I’m not sure what you are actually doing, so I’m more guessing, if you provide some further information, that’d probably help.
Wow, I actually forgot that you made this!
I’ll test this and dissect your code.
I’m looking for ways to speed up my ray marcher.
This is a shot from a few days ago. I’m already at 40fps+ at 1600x1000,
but that’s still long from what I want to reach. I have a few tricks up my sleeve I know will work
and I have a few additional ideas that I’m not sure I can implement … but that’s the fun part.
Your description and the code sound fine! I’m on some older Panda 1.10,
will report back with results tomorrow at latest.
Thank you for your help!
Can I just alter your code to make it easier to fit my needs?
Like replacing the card with my own plane.egg positioning and flattening it?
Reminds me that I need to recheck if it makes a difference performance wise…
Why do you want to have your own plane geometry?
If you are raymarching, the most time spent is in your shader. I believe you are overoptimizing, while the main performance problem is your shader. The FBO creation and setup doesn’t affect the performance much at all.
If you enable “pstats-gpu-timing #t”, connect to pstats, and select your GPU at the top, you should see the most time spent in your shader. So your first approach should probably be to optimize your shader, and not the render target setup.
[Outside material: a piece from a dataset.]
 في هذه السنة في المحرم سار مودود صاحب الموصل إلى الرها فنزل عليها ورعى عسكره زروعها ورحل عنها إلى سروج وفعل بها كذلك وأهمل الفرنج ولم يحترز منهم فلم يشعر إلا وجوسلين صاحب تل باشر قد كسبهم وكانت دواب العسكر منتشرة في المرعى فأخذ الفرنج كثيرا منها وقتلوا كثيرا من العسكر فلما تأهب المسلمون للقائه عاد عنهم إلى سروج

The RenderTarget already uses a single fullscreen quad and sets various options on it to make sure no performance problems occur (like disabling culling on the camera and nodepath, etc). So I’m not sure what you expect to get when you use your own plane. If you really want to try it, you can use (but I don’t recommend it!), be sure to update to the latest commit:
Oh oh oh nono!
I was switching the card to the plane.egg and noticed a difference,
but it could have been something else so I will check again.
It’s only a minor change, so I don’t spend hours on it anyway.
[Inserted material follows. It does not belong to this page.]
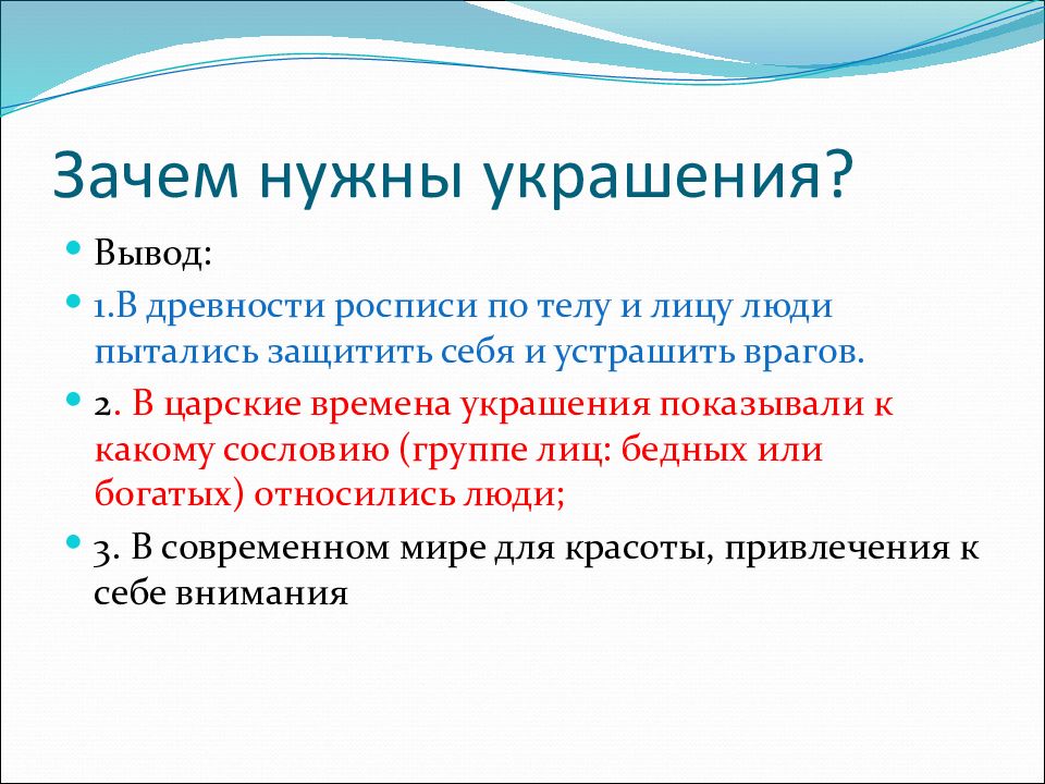 Вывод: 1.В древности росписи по телу и лицу люди пытались защитить себя и устрашить врагов. 2. В царские времена украшения показывали к какому сословию (группе лиц: бедных или богатых) относились люди; 3. В современном мире для красоты, привлечения к себе внимания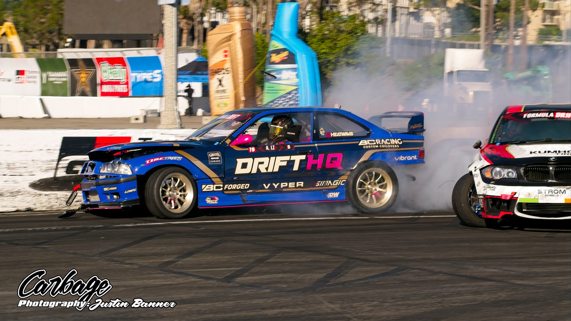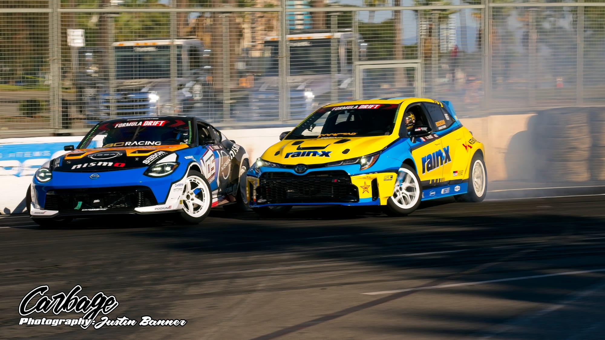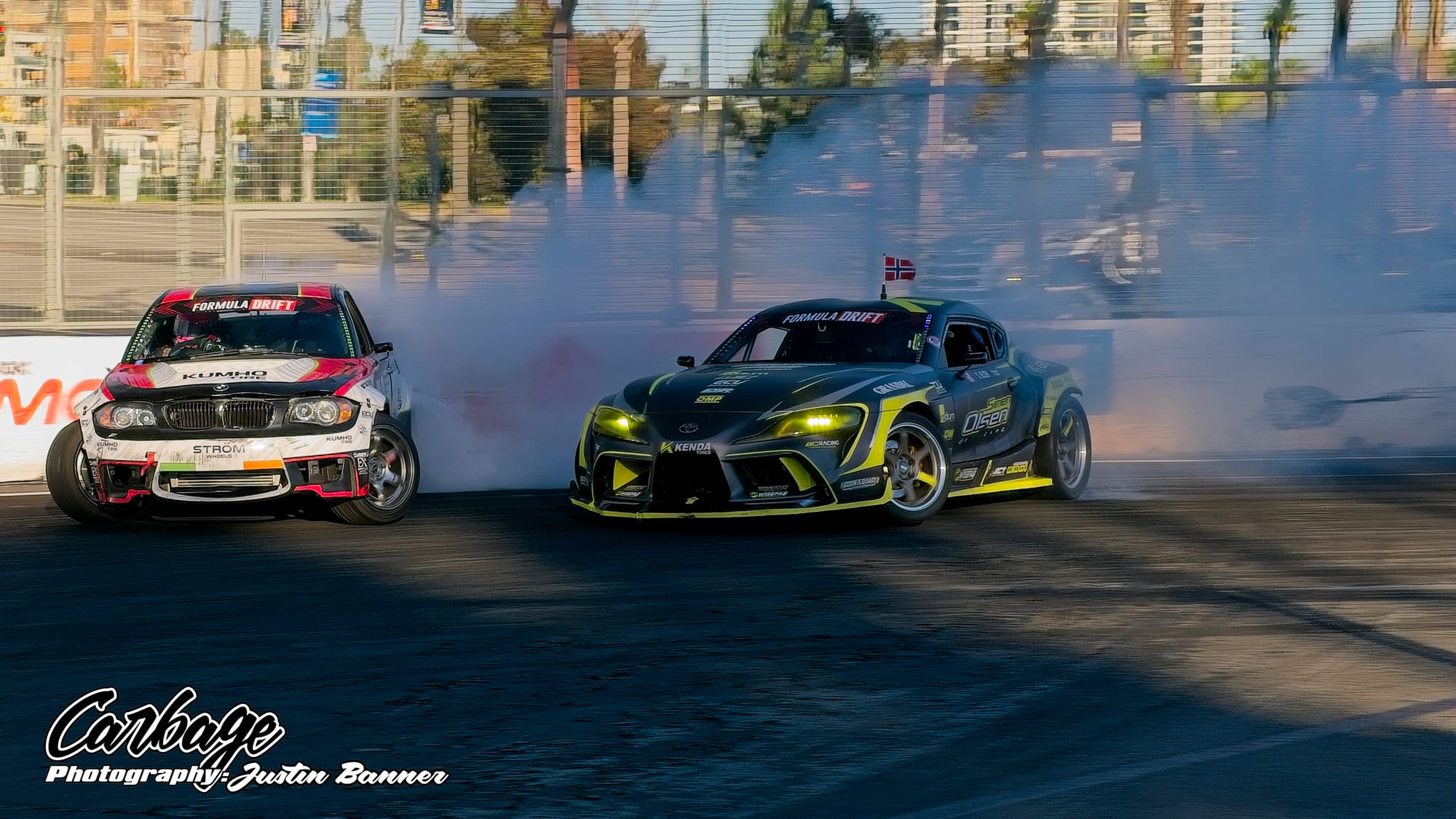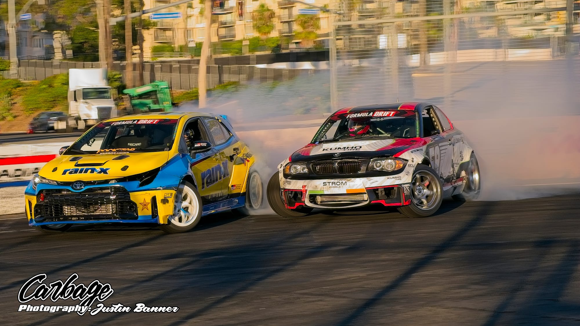 One of the unforeseen issues of running Shoreline Showdown was the lack of visibility, particularly as the sun set and drivers with more wheel speed were able to smoke their tires far more. This artificial cloud made visibility hard not only for drivers—a constant challenge for follow drivers, particularly—but also for fans and light winds weren’t helping clear it out. As the course did come back on itself before the finish, tire smoke lingered in the air and blocked the view of the finish. Hopefully, when Formula Drift comes back to Long Beach for round eight, this configuration will be tweaked to reduce that issue. Else, it will ruin the show for fans if there isn’t any wind to help clear the course. Otherwise, it seemed like a huge success that Formula Drift needed to make Long Beach a more permanent home for the final in the future.

I try everything eventually, just to see what happens and how things change!
I haven’t yet fully realized how things work. I used this as bedtime story …
… fgiesen.wordpress.com/2011/07/0 … 011-index/ …
… which is written by ryg from FarbRausch.
Thanks to this I’ve changed the whole code from one quad to one GL_Points and one vertex per pixel,
adaptable to one vertex for several pixel by adjusting the size. I wanted to see what happens!
I had a weird idea, but for some reason I get wrong coordinates when I march in the vertex shader.
Yes, absolutely most time is spent in my shaders,
which is the reason why I need the rendertargets for!
PStats I haven’t looked at yet, but will soonish I guess.
I’m also totally looking forward to learn GPU assembler,
if that’s still a thing and supported!
I’m just weird like that.
Thanks for the update, I will check.
You did not answer my question though.